For the first time in years, the Grammys had a chance to reverse their inconsequential and hopelessly unhip pattern of recognizing expired radio trends and jumping on pop culture bandwagons. Forget the first two hours of the show, which were dominated by Bono's arrogant ramblings and the Destiny Children's midriffs. The big drama that could have vindicated this irrelevant studio-horse awards show was the battle over album of the year.
The Grammys had not one chance, but three: Radiohead's Kid A, Eminem's Marshall Mathers LP, and Beck's Midnite Vultures were all nominated. Kid A stands as one of the most astounding and pioneering rock albums in recent memory. Eminem's music is pure cultural warfare, conflating issues of censorship, racism, domestic violence and media influence in a masterful combination of rage and artful expression. And then there's Beck-'nuff said.

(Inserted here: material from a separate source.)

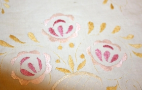 Lítill gulur löber, sem saumað er í bleik blóm.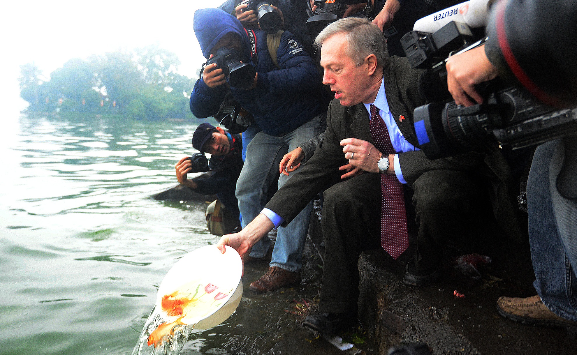 | Đại sứ Osius thả ba con cá chép vàng xuống Hồ Tây theo phong tục tập quán của người Việt. |

So what statement was the show going to make? Judging by the industry president's "music is rebellion" speech and Eminem's climactic performance of "Stan," all bets were on Slim Shady. What type of statement would we get: revolutionary, irreverent or provocative?
Instead, the show went tuck tail and run, tossing the award to Steely Dan in a cowardly and atavistic refusal to recognize progressive music. We're sure the band's Two Against Nature is a fine record, but this was an important year in music history, and for the Grammys to ignore all three albums invalidates artists who push the boundaries of popular music today.